EXTRACTED MATERIAL ->

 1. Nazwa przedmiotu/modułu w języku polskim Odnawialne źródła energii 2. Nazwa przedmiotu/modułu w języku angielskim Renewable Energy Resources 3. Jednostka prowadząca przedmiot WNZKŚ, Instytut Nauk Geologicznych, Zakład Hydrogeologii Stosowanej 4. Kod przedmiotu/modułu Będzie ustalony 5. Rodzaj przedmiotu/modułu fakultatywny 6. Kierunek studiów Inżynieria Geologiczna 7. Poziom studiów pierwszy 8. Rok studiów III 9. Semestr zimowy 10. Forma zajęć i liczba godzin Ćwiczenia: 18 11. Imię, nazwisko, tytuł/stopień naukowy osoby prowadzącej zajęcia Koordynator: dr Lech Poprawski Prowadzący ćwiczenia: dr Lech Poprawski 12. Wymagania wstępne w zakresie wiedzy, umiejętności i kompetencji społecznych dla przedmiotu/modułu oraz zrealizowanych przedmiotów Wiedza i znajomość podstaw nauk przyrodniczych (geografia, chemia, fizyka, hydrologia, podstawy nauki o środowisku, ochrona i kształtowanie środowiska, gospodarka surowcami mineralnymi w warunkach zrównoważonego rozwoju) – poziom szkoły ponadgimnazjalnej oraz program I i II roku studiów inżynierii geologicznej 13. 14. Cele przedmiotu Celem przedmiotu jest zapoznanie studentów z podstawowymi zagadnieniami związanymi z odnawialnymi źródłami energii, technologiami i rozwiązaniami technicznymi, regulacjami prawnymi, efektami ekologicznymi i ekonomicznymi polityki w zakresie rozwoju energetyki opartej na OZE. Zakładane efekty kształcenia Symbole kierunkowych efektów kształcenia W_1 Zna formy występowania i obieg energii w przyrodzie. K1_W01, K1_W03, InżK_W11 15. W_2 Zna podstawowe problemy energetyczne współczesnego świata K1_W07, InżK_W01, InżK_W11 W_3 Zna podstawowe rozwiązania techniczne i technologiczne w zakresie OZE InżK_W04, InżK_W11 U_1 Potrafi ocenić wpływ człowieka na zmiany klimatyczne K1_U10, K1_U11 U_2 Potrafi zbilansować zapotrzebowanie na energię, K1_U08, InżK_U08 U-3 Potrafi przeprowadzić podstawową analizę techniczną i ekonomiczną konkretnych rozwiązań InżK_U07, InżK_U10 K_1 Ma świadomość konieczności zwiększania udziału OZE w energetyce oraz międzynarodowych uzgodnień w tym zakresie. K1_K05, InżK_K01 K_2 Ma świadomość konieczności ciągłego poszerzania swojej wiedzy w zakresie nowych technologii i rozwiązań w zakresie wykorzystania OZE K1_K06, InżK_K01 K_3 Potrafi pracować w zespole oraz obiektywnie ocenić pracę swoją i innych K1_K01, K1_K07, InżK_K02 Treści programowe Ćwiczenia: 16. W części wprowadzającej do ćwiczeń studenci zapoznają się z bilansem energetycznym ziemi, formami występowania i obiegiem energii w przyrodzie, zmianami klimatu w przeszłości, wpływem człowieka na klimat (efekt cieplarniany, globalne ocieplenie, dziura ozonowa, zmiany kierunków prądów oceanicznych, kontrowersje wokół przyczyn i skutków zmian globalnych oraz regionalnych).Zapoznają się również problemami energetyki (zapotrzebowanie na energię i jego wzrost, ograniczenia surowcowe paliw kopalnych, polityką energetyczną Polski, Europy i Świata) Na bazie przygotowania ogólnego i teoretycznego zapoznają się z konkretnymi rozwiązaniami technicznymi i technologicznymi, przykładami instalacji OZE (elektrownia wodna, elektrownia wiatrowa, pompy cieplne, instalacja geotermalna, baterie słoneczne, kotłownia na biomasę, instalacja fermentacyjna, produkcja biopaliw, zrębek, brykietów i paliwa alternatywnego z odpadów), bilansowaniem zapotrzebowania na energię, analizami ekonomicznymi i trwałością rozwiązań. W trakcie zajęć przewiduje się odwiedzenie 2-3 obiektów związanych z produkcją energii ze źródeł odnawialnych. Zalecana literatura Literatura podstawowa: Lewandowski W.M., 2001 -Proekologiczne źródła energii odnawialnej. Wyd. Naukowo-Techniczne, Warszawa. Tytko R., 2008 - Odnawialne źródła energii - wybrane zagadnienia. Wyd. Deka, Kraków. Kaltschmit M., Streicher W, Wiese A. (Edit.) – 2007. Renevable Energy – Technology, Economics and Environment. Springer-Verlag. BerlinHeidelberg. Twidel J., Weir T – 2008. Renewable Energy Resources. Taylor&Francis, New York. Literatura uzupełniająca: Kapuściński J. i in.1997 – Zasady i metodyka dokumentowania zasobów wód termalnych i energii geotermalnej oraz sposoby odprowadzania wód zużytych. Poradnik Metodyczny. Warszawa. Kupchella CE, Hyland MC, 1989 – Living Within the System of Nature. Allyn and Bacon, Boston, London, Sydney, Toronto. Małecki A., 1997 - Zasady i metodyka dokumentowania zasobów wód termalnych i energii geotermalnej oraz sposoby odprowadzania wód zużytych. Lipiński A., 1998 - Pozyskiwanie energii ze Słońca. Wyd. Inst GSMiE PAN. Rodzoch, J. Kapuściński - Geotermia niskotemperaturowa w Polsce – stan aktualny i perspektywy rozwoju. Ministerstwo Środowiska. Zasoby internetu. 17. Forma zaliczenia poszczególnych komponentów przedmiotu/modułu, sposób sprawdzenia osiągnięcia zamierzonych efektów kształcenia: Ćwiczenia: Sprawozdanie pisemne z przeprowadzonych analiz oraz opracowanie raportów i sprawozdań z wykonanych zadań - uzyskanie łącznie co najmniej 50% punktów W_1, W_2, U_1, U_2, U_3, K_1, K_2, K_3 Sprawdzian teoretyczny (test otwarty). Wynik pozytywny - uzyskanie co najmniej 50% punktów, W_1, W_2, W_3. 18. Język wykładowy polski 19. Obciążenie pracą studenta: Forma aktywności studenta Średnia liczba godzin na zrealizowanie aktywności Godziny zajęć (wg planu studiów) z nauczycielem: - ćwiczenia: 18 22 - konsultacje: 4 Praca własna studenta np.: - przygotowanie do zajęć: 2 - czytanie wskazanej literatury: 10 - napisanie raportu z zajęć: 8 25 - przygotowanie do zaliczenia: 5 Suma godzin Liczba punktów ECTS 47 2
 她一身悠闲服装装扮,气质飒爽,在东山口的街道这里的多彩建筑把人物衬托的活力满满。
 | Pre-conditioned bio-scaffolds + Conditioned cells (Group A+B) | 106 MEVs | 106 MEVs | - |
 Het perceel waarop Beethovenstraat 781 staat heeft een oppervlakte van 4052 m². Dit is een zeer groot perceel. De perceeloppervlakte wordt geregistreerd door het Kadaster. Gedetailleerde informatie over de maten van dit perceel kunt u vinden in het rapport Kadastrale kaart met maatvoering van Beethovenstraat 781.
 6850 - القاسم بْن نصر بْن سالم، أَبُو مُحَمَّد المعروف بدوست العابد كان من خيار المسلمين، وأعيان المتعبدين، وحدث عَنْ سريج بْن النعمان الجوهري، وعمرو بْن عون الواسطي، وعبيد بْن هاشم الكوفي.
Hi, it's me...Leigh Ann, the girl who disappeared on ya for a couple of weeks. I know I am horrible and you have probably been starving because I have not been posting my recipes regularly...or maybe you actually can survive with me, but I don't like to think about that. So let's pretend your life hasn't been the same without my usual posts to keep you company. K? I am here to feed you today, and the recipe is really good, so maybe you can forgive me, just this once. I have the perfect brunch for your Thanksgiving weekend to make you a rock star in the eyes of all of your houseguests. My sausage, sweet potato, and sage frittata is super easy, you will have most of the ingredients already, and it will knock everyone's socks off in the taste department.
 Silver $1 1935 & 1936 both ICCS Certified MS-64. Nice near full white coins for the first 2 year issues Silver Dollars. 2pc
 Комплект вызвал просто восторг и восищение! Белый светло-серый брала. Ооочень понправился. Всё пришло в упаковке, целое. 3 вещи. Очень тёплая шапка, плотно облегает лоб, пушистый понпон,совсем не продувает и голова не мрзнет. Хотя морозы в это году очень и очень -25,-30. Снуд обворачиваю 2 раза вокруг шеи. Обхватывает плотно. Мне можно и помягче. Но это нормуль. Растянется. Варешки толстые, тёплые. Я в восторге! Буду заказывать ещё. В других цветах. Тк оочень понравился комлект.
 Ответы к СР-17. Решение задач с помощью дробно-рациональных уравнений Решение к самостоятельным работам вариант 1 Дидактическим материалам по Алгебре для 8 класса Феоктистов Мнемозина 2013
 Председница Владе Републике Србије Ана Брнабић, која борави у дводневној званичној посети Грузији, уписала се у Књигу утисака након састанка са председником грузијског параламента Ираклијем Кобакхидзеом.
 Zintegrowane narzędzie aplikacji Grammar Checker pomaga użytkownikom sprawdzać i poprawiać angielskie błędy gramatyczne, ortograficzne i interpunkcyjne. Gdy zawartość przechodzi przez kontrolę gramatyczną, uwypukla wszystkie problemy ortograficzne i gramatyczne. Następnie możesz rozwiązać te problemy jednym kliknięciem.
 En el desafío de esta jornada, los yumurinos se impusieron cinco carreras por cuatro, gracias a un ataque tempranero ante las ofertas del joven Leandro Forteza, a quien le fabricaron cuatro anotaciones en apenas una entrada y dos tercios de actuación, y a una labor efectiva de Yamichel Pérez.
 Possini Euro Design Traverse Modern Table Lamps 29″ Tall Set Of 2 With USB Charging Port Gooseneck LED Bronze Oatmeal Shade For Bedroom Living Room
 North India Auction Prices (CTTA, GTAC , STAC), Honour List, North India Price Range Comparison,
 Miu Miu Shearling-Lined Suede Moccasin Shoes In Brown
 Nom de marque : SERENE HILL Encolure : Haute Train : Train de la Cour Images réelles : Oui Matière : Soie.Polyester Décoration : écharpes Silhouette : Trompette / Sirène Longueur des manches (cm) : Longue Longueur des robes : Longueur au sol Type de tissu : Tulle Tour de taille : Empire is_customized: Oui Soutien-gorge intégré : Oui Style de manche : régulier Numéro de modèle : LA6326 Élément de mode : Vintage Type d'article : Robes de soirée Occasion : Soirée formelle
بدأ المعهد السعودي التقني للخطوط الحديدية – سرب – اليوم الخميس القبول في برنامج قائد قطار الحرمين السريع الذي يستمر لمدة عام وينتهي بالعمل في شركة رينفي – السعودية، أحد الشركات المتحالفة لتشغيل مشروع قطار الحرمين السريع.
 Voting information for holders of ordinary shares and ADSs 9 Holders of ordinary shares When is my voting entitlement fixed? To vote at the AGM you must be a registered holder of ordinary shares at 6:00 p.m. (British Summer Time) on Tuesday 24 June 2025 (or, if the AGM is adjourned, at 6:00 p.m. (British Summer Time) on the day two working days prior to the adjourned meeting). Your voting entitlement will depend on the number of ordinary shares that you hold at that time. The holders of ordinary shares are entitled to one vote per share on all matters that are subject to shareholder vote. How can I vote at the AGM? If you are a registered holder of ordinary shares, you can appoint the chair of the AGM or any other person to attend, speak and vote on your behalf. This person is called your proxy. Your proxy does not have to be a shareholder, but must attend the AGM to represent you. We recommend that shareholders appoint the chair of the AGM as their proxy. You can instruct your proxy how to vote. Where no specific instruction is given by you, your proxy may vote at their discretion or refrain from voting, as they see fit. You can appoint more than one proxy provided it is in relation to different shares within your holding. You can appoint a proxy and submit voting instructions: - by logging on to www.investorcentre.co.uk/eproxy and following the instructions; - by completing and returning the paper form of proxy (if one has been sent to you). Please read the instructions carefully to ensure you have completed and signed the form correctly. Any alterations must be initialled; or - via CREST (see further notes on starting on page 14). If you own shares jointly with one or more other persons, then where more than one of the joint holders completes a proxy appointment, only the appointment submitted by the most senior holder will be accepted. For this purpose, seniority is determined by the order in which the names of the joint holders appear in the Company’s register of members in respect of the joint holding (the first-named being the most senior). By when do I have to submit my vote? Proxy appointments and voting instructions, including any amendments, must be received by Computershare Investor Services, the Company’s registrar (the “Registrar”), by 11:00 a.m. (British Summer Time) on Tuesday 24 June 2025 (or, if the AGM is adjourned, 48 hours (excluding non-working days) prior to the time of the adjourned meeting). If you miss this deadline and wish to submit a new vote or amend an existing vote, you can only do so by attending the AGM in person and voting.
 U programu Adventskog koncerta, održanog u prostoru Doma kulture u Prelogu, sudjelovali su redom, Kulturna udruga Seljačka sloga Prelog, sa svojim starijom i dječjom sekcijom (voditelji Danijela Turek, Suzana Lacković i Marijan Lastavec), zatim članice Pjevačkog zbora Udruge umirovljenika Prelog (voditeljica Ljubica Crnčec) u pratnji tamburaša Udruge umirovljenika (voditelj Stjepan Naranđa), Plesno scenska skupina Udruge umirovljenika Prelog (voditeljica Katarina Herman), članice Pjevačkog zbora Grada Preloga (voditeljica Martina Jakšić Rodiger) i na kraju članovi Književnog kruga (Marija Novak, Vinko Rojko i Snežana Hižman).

WORK ITEM -> In the entries above, find the line with "North India Auction" and the line with "Nom de marque", then restate word for word both of them and every line between, with nothing more.

ANSWER ->
 North India Auction Prices (CTTA, GTAC , STAC), Honour List, North India Price Range Comparison,
 Miu Miu Shearling-Lined Suede Moccasin Shoes In Brown
 Nom de marque : SERENE HILL Encolure : Haute Train : Train de la Cour Images réelles : Oui Matière : Soie.Polyester Décoration : écharpes Silhouette : Trompette / Sirène Longueur des manches (cm) : Longue Longueur des robes : Longueur au sol Type de tissu : Tulle Tour de taille : Empire is_customized: Oui Soutien-gorge intégré : Oui Style de manche : régulier Numéro de modèle : LA6326 Élément de mode : Vintage Type d'article : Robes de soirée Occasion : Soirée formelle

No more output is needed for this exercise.